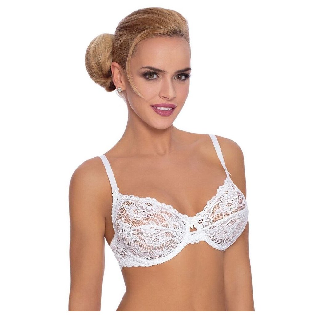 Dámská bílá podprsenka typu soft, celá z krásné vyšívané krajky s květinovým vzorem.
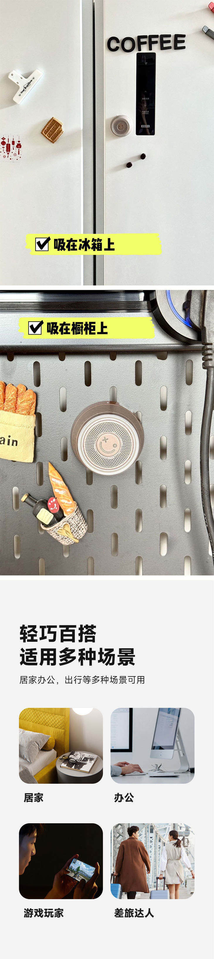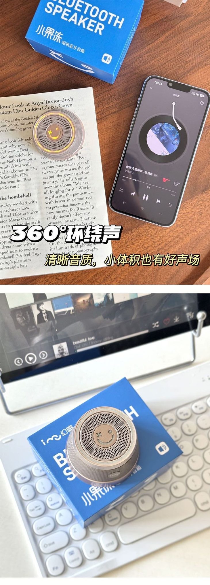 谁懂啊❗入手这个幻响小果冻音箱,直接打开听歌新方式❗小小一个,吸哪儿都稳❗ 🥣做饭吸冰箱上厨房秒变演唱会 🚿洗澡吸墙上,防水设计,边洗边嗨,丝毫不影响 办公时,还可以吸手机上当个支架,边摸鱼超工作~美滋滋 电话会议时,解放双手,清晰收音+立体发声,沟通高效又轻松 🛋客厅打扫卫生时,也可以吸在柜子上,放个音乐或是追个剧,整理家务都不觉得无聊了 360°环绕声够清晰,续航撑一天没问题。轻巧耐带,揣兜里不占地 现在真是用哪带哪,吸上就能听❗❗❗
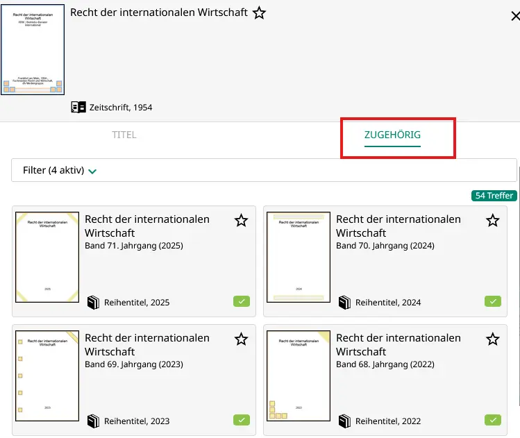 Unter dem Reiter "Zugehörig" können sie zugehörige Publikationen wie Zeitschriftenbände, Aufsätze oder Teile einer Schriftenreihe finden.
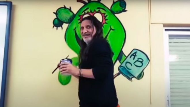 El dibujante leonés realizó los murales que visten este espacio renovado del colegio y esperaba asistir a su inauguración

○ ○ ○ ○ ○

Set the listing down again exactly, skipping each picture.

 Dámská bílá podprsenka typu soft, celá z krásné vyšívané krajky s květinovým vzorem.
 谁懂啊❗入手这个幻响小果冻音箱,直接打开听歌新方式❗小小一个,吸哪儿都稳❗ 🥣做饭吸冰箱上厨房秒变演唱会 🚿洗澡吸墙上,防水设计,边洗边嗨,丝毫不影响 办公时,还可以吸手机上当个支架,边摸鱼超工作~美滋滋 电话会议时,解放双手,清晰收音+立体发声,沟通高效又轻松 🛋客厅打扫卫生时,也可以吸在柜子上,放个音乐或是追个剧,整理家务都不觉得无聊了 360°环绕声够清晰,续航撑一天没问题。轻巧耐带,揣兜里不占地 现在真是用哪带哪,吸上就能听❗❗❗
 Unter dem Reiter "Zugehörig" können sie zugehörige Publikationen wie Zeitschriftenbände, Aufsätze oder Teile einer Schriftenreihe finden.
 El dibujante leonés realizó los murales que visten este espacio renovado del colegio y esperaba asistir a su inauguración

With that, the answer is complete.